The development of Nowa Huta is continually expanding. An "economic zone" on the road between the town and Krakow has been constructed. Tax concessions were offered to employers who located here, it was aimed to encourage the creation of modern technologies such as computer software and micro chips. However the majority of jobs formed in the area were outside the realm of manufacturing. Although more than a thousand new jobs have been created they were typically in the service sector particularly hypermarkets such as Tesco and Ikea. The rebirth of this entrepreneurial activity and the structural change in employment is replicated throughout Poland.

Such a change has had a dramatic impact on people's sense of identity with often devastating consequences. Nowa Huta has propagated a widely diverging and often conflicting representation of its identity. It was built to reflect Socialist ideals the but image of a straightforwardly proletarian community proved hard to sustain. (Oppenheim 1995)The town and its community was built from scratch and as a consequence the population of Nowa Huta was overwhelmingly of peasant origin as Fisher notes, "rural attitudes were incorporated into the newly constructed urban environment" this was done both in a symbolic way holding onto traditional customs of the countryside but also in a very literal way to the extent that rural workers raised pigs in baths and insisted on tending gardens.

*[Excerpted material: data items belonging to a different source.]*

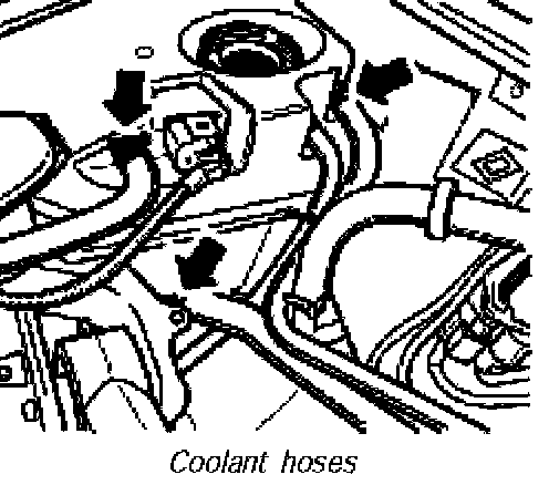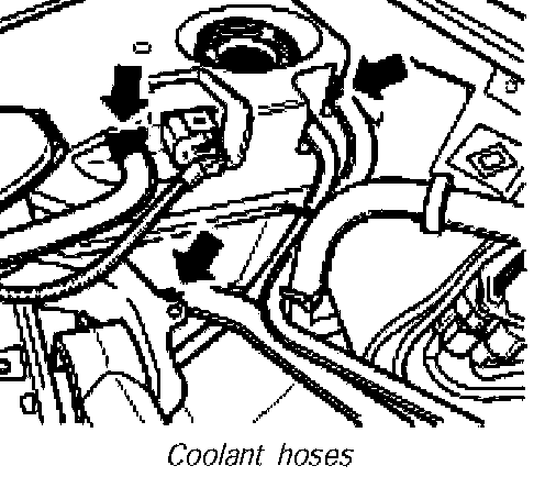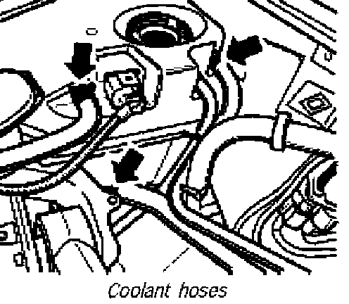 4. Reinstall body bracket for the torque support. Clip on electric cable for coolant reservoir (2 x).
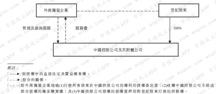 公司通过常见的VIE架构实现外资对中国经营实体的控制,以及中国经营实体盈利向外资股东的传递。
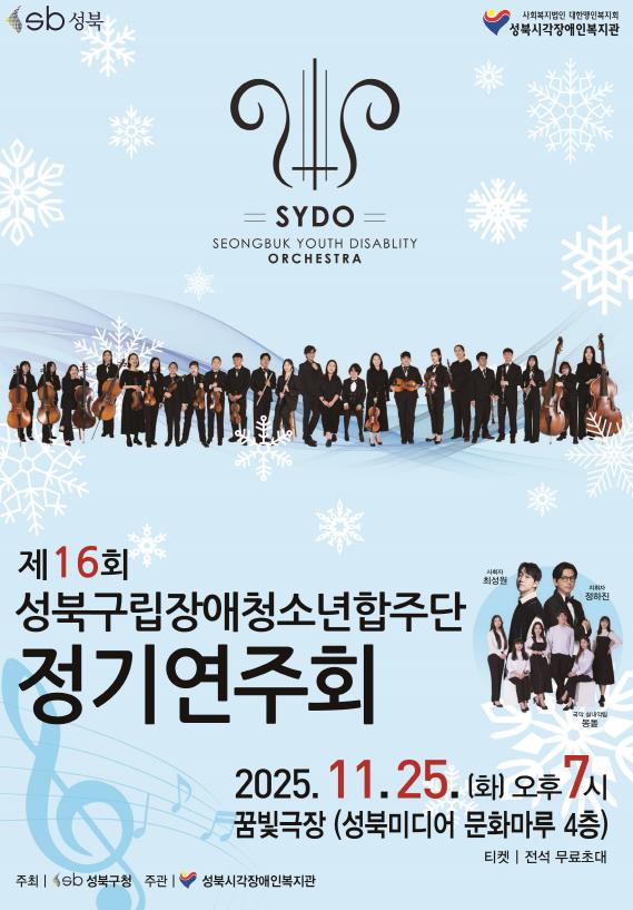 [뉴스노크=김인호 기자] 서울 성북구는 오는 11월 25일(화) 오후 7시, 꿈빛극장에서 ‘제16회 성북구립장애청소년합주단 정기연주회’를 개최한다. 이번 연주회는 청소년들이 음악을 매개로 서로 소통하고, 숨겨왔던 재능과 열정을 마음껏 펼칠 수 있도록 마련된 자리다.
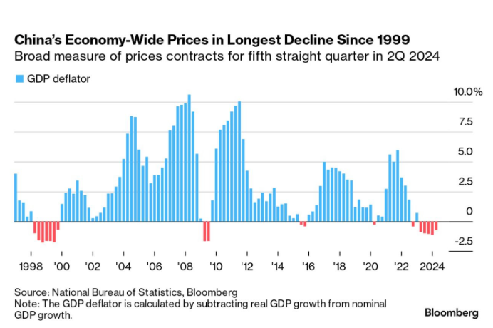 China está lidiando con una crisis de deflación. La inflación subyacente está avanzando al ritmo más lento en más de tres años y los precios de fábrica siguen estancados en la deflación, como lo han estado desde finales de 2022. La medida más amplia de precios, el deflactor del PIB, ha caído durante cinco trimestres y ese tramo probablemente se extenderá hasta 2025, dice Bloomberg Economics. (BBG)
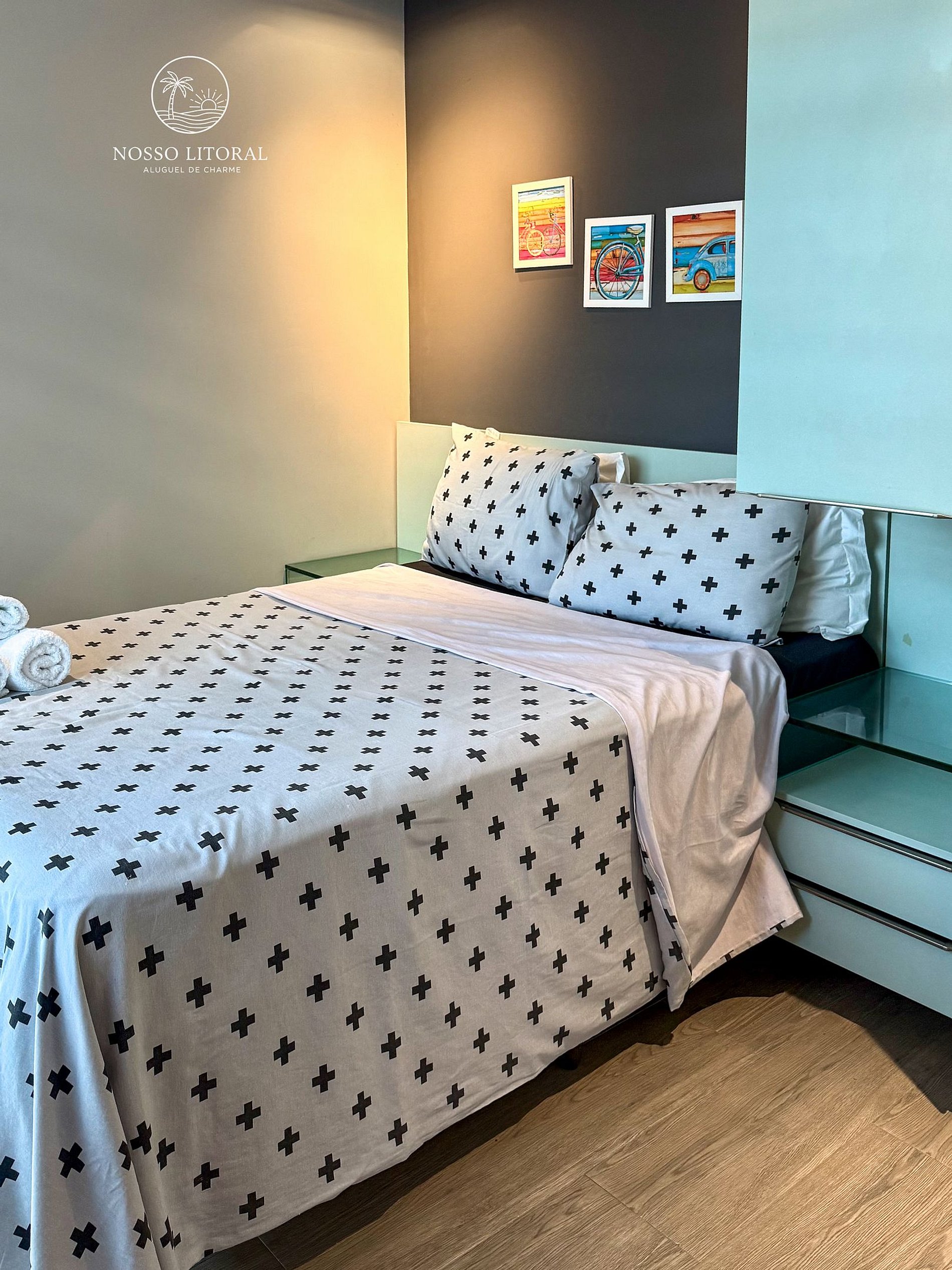 Suíte Relaxante: Quarto climatizado com cama de casal confortável e armário planejado. Oferecemos enxoval completo (cama e banho) de qualidade hoteleira, higienizado e pronto para uso;
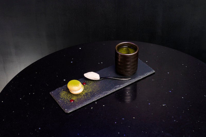 抹茶パウダーで天の川を、季節の和菓子と餡子とウイスキーのエスプーマで惑星を表現。
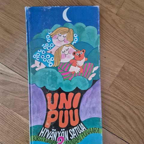 Gummeruksen kustantama Unipuu Hyvän yön satuja 2 -kirja. Paljon luettu. Selkäosa huono, mutta kirja pysyy hyvin kasassa.
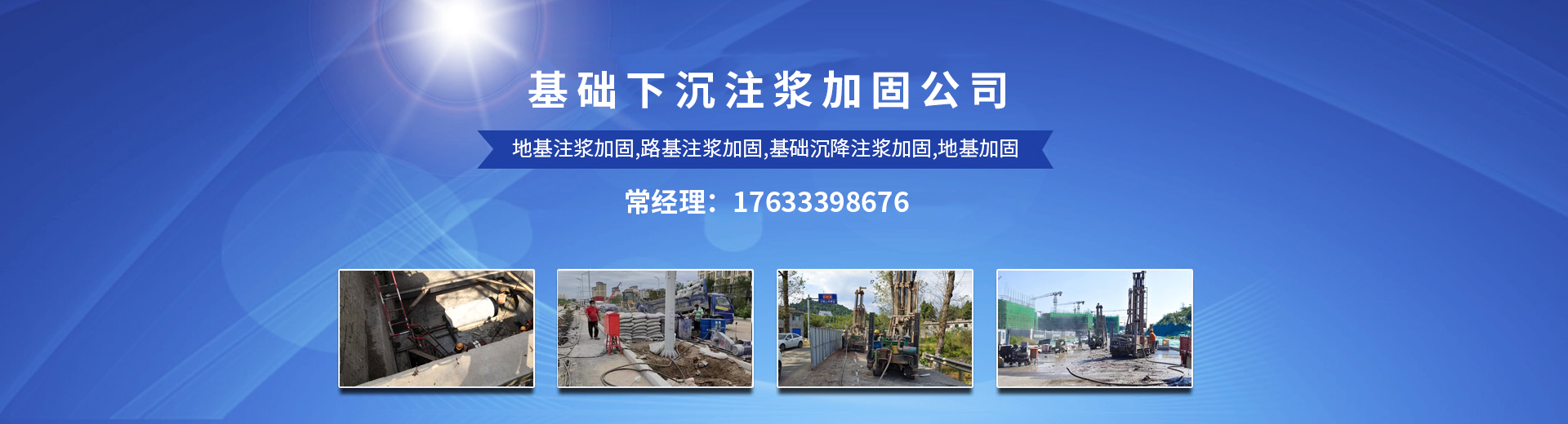 基础下沉注浆加固公司主营:地基注浆加固,路基基础沉降灌浆加固,回填土下沉注浆填充,地基基础加固施工,新建基础蓄水池回填土沉降,建筑房屋厂房设备基础注浆顶升纠偏,软地基处理等各类地基加固服务。我公司拥有一批技术力量雄厚、的工程技术人员、施工管理人员和经验丰富的施工队伍,并成功完成了近百项地基注浆施工项目,并与多家单位建立了良好的合作关系。多年来,我公司始终以客户需求为,想客户之所想,解客户之所急,以信誉求发展,以质量求生存,一切以客户满意为标准,质量上乘,服务,并做到同行业比质量!同质量比价格!! 同价格比服务!!! 欢迎新老客户来电咨询洽谈!

Also the largely conservative attitudes of such a population made it problematical for the authorities to impose its atheistic ideologies as the community, devoutly Catholic, was not prepared to sacrifice its religion. Nowa Huta was built without a single church as Stenning points out in her article; The Politics of Work, Workplace and Community in Nowa Huta, many of the early struggles in the town were focused around calls for the construction of a church. The people of Nowa Huta first erected a wooden cross in the heart of the town1957 and replaced this with a steel cross on April 27th 1960. The irony of a steel cross in a steel community can not be escaped.(Stenning 2003) The role of the church in Nowa Huta at first represented rural conservatism but went onto play an important function in the representation of many of the worker based resistance.

As a result of years of communist proper gander stressing the importance of the worker to the point of hero worship, depicted with amazing clarity in Andrzej Wajda' s famous Man of Marble, Nowa Huta presents us with another striking paradox. Poland has to now live with the consequences of the change in social value of the worker who has suffered immensely not only with the financial implications of the industrial decline but the equally destructive loss of the workers' social status. Nowa Huta built as the workers paradise has become the workers nightmare with few opportunities for those it enticed here. This pattern is certainly widespread throughout the main industrial sectors of Poland such as Gdansk , Katavitce and Gdynia. Such a loss of identity has led to many social problems such as alcoholism but also very new dilemmas for example drug misuse and trafficking as well as rise in crime, matters which were not present during the iron hand of communism. Problems are particularly widespread in Nowa Huta it is not an uncommon to witness crowds of men sitting with nothing more to do than drink vodka from morning to evening while their wives eek out a living in the local hypermarket To some extent Nowa Huta provides us with a microcosm of some of difficulties confronting Poland in the transition to a market economy and further into the European Union. However certain social groups are more heavily affected than other and it is the working classes which are enduring the most negative aspects of such transformations. As a town which was composed wholly from the working class the problems of Poland in general are more heavily concentrated in industrial areas particularly Nowa Huta.